La povertà in America Latina ha raggiunto il livello più basso degli
ultimi vent'anni. È questa una delle conclusioni principali del più
recente documento della Commissione economica per l'America Latina e i Caraibi (Cepal), entità ascritta al sistema delle Nazioni Unite. In uno studio intitolato Panorama sociale dell'America Latina 2011, la Cepal spiega come nel 1990
la povertà raggiungesse il 48,4 percento e come invece nel 2010 sia
arrivata al 31,4 percento. Nel medesimo periodo è diminuita anche
l'indigenza, o povertà estrema: dal 22,6 al 12,3. In termini assoluti
dunque, nel 2010 si contano 177 milioni di poveri nell'intero
continente, 70 milioni dei quali indigenti. Cifra che si prevede che a
fine anno scenderà a 174 milioni.
A cosa si devono queste cifre? Principalmente al recupero della crescita economica.

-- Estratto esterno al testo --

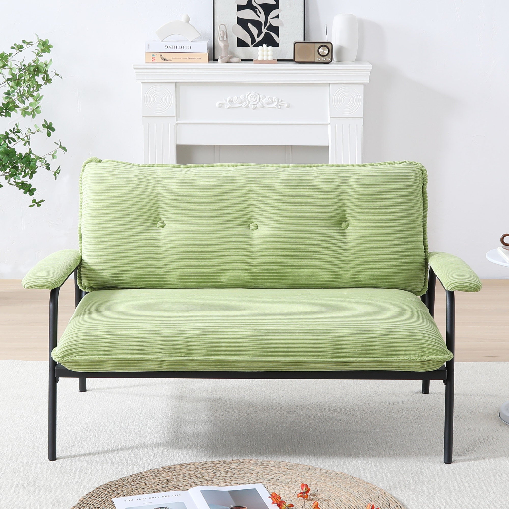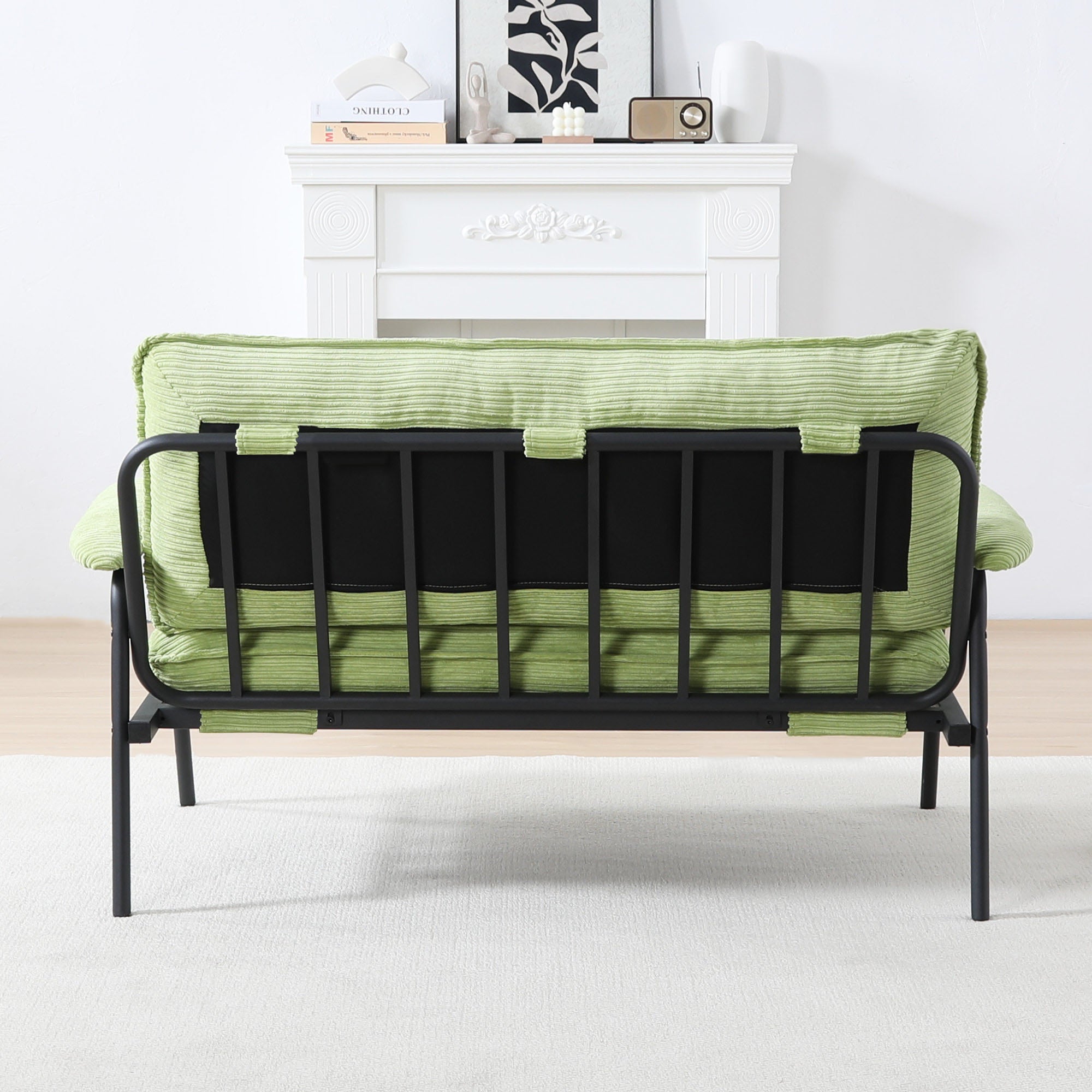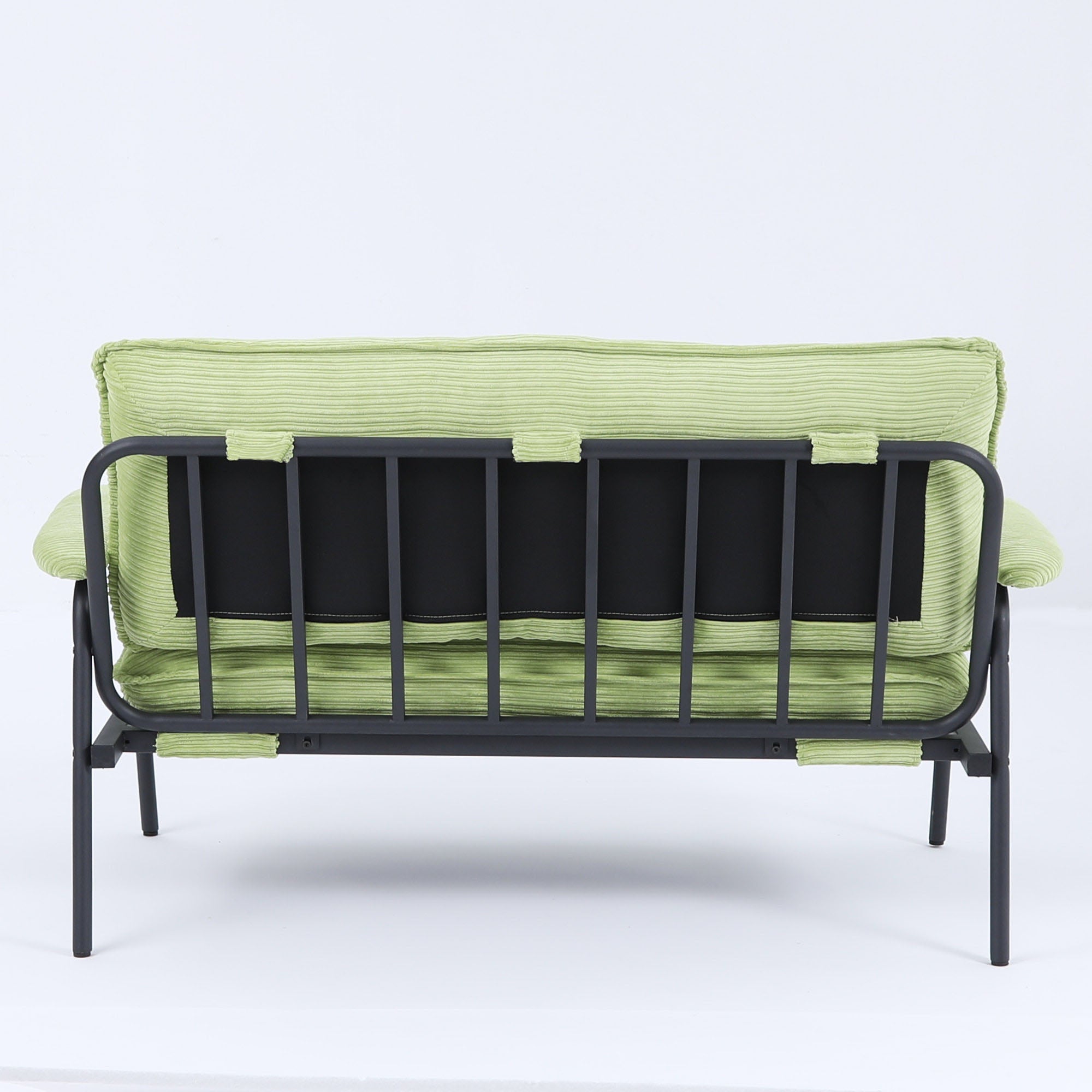 - The exterior design features a simple and modern style. The fresh green striped fabric is paired with a black metal frame, giving a natural and refreshing visual impression. It also goes well with various American home decoration styles. The backrest adopts a classic button tufted design, adding a sense of refinement and retro charm.
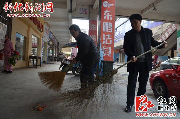当天,全民义务植树活动结束后,胡忠威一行又来到县城金山角小区参加新春卫生大扫除活动。
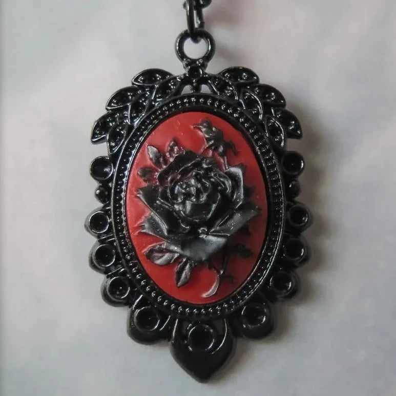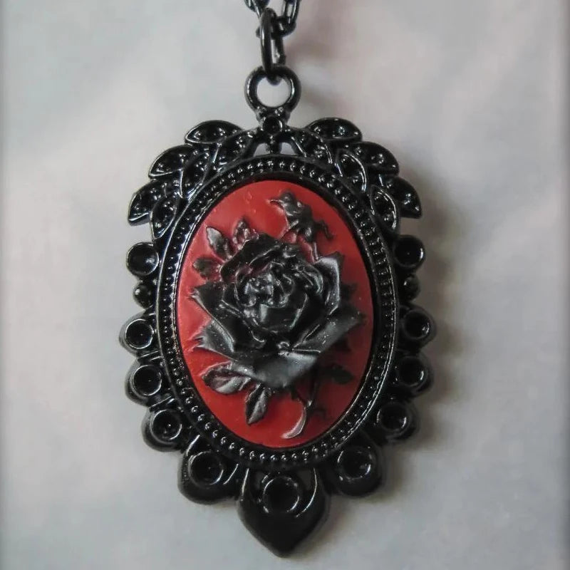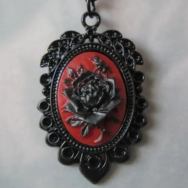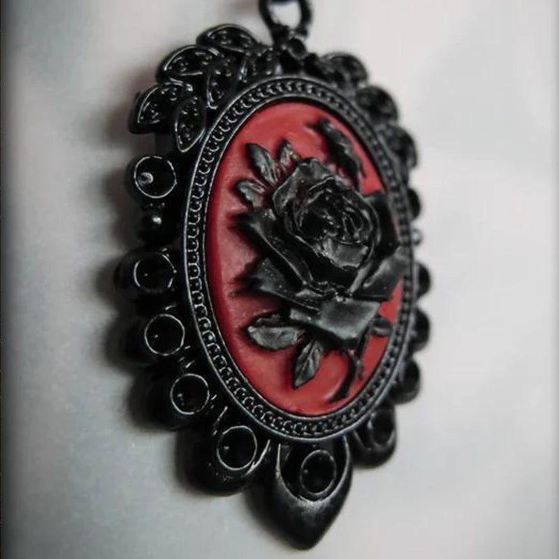 Black Rose Cameo Necklace – Gothic Vintage Pendant Choker for Women & Men
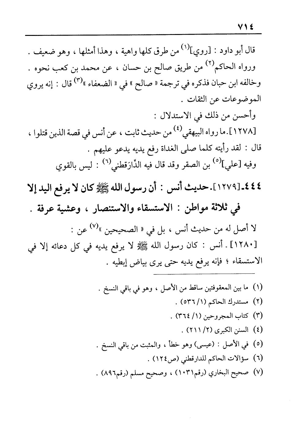 444 - [1279]- حديث أنس: أن رسول الله - صلى الله عليه وسلم - كان لا يرفع اليد إلا في ثلاثة مواطن: الاستسقاء والاستنصار، وعشية عرفة.
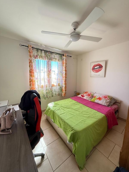 Elle offre un espace de vie agréable et lumineux avec un coin séjour et un coin cuisine, trois chambres, un WC et une salle d'eau.
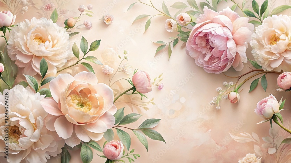 Elegant Pastel Floral Arrangement Featuring Blossoming Peonies And Wallpaper Mural - Decorly Solutions | Decorly Solutions
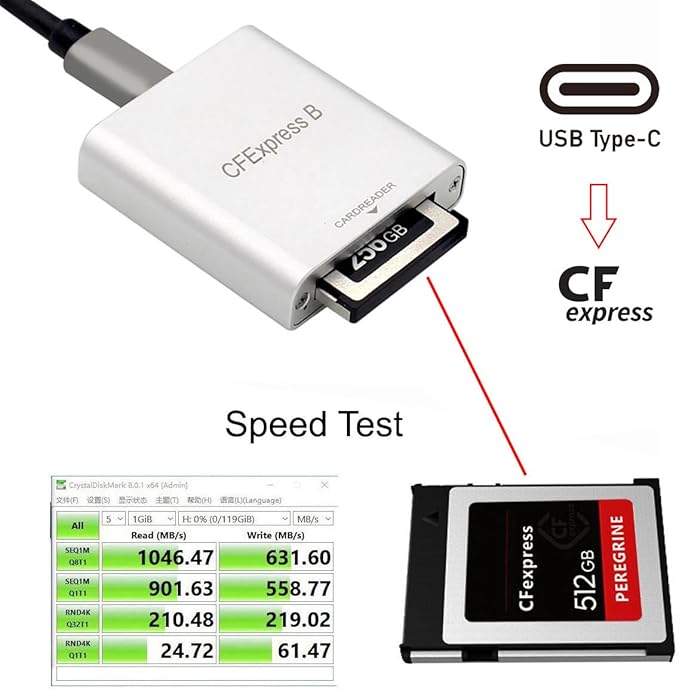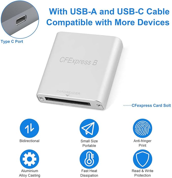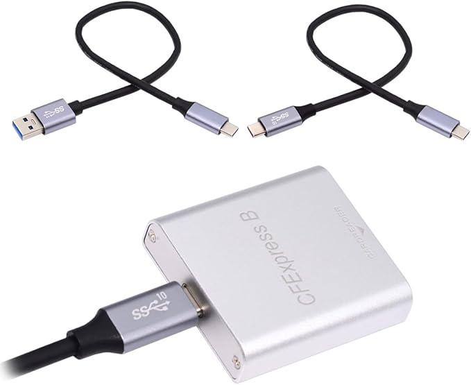 製品の用途:CFexpressカードをUSB3.0またはUSB3.1スロットに拡張するのに適しています。 (XQD/CFAカードには対応していません)。CFexpressメモリーカードUSB 3.1 Gen 2は、Windows、Mac、Linuxなどのさまざまなプラットフォームと互換性があり、PC、デスクトップ、Mac、iPadでデータ転送を容易にします。 また、タイプCコネクタにも対応しており、抜き差しが簡単です。
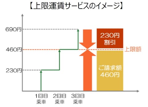 上限運賃サービスは、土日祝・年末年始(毎年12月29日~1月3日)に、札幌市電でクレカ乗車を利用した場合、利用当日の乗車運賃が累計で460円(2乗車分)に到達した時点で、それ以降の運賃は発生せず、自動的に460円で乗り放題となる。対象は大人運賃のみ。カード番号が同じでも、媒体(プラスチック製カード、スマートフォン、スマートウォッチ、リング型デバイス等)が異なる場合は、1日の乗車運賃として合算されない。
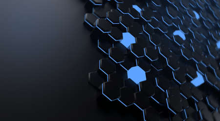 Abstract luxury background with blue and black hexagons. Background with hexagons at different levels. Futuristic abstract background. 3d rendering
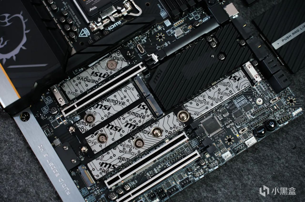 M.2接口的散熱馬甲都是採用微星最新的EZ Magnetic M.2 Shield Frozr II快裝快拆設計,輕輕一按即可拆卸,安裝M.2固態也無需其他工具。

A quanto afferma a BbcMundo Isaac Cohen, ex direttore dell'ufficio di
Washington della Cepal della quale adesso è consulente economico e
finanziario, "le economie dell'America Latina stanno crescendo
costantemente. L'unica eccezione è stata la caduta nel 2009 causata
dalla recessione mondiale, ma a partire da quel momento il recupero è
stato molto rapido e la crescita è ciò che sta aiutando a ridurre la povertà".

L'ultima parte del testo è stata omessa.